En realidad, hasta la llegada de Mussol, la Tinya no pasaba de ser un pequeño grupo de chavales que trataban de sobrevivir como fuera. Desde entonces, y aunque no se hablara de ello en voz alta —la calle tiene un oído muy fino—, algunos capitanes estaban molestos con la asignación de territorios y con tener que dar una parte de lo ganado a Tarrés y sus hombres. Pero bastaron un par de amenazas y alguna que otra paliza para que el Mussol se aviniera a negociar con él, y algunos no se lo habían perdonado, por mucho que supieran que no teníamos nada que hacer contra criminales del calibre de la Ronda. Enfrentarse a Tarrés significaba, además, hacerlo con los estamentos más oscuros del poder.

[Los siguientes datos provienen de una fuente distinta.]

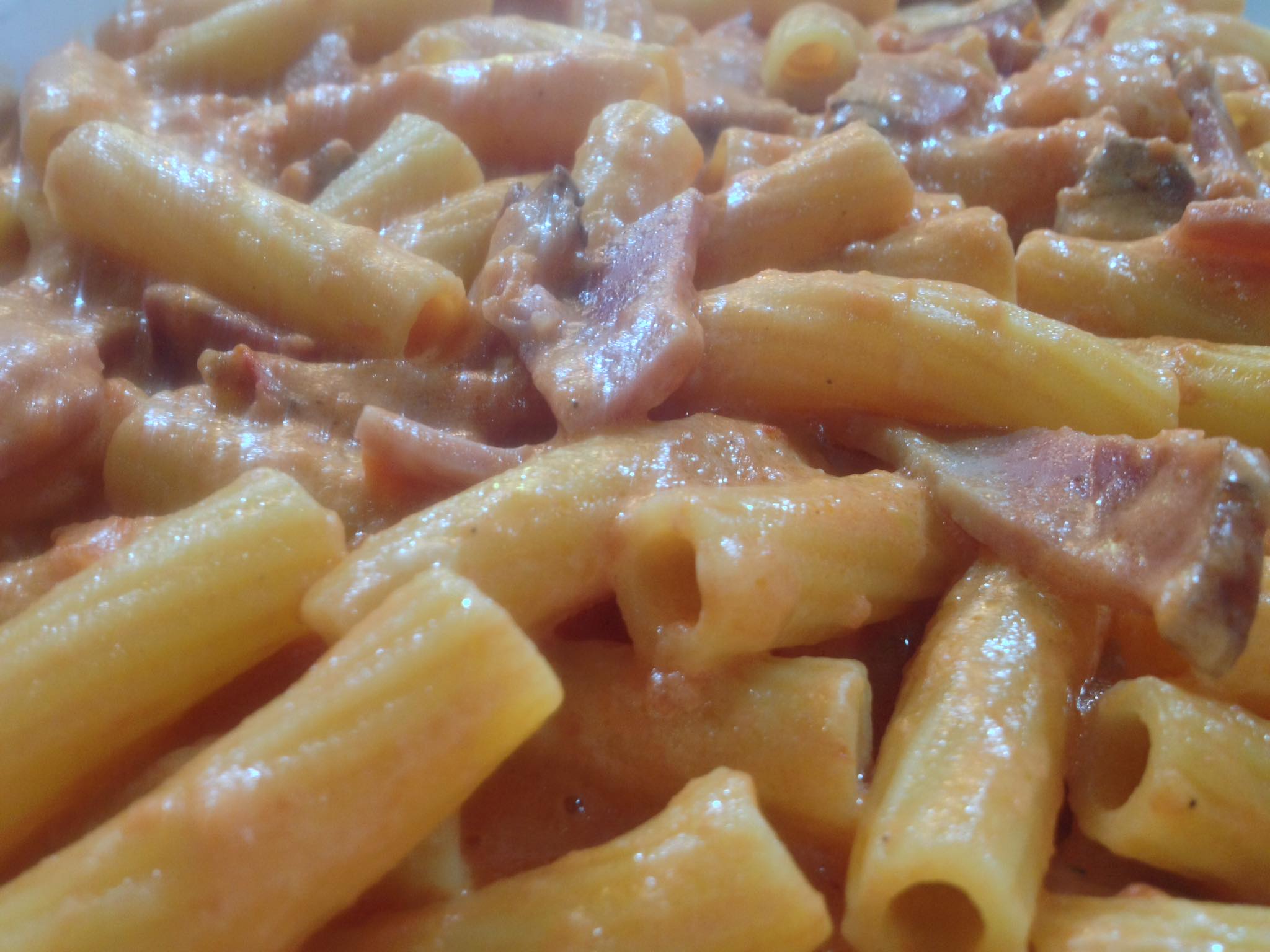 Fare rosolare la pancetta nel burro. Unirvi la passata di pomodoro. Appena sarà cotta aggiungervi la scamorza tagliata a cubetti e girare. Chiudere il fuoco e aggiungere la panna. A parte fare bollire l’acqua salata e cuocervi la pasta. Scolare al dente e mettere nella padella con il sugo.

Fue él quien se atrevió a verbalizar la duda que corría por la cabeza de alguno de los presentes:
—¿Es posible que anduviera metido en algo?
—Conozco a los míos. Todos son leales —saltó Salvador.
—¿Tú eres Miquel? —dijo entonces el Mussol.
Alcé la cabeza. Su ojo estaba fijo en mí.
—Fue tu padrino. ¿Algo que decir?
No sabía si me interrogaba o solo me ofrecía la posibilidad de dar mi opinión, de modo que opté por el silencio. Con el tiempo, había aprendido que es mejor callar, en especial frente a aquellos que ostentan el poder, y, en aquel momento, solo estaba seguro de dos cosas: que Víctor no había cometido ninguna falta y que su muerte respondía a algo más que a una reyerta con algún miembro de la Ronda. Los hombres de Tarrés eran asesinos, pero no ese tipo de carniceros. Si cualquiera de nosotros les hubiera faltado al respeto, le habrían dado una paliza a pleno sol. Ese es el modo de dejar las cosas claras en nuestro mundo.
—Está bien —anunció el Mussol—. Hablaré con él a ver qué sabe. No hagáis nada hasta entonces.
Todos asintieron sin decir palabra.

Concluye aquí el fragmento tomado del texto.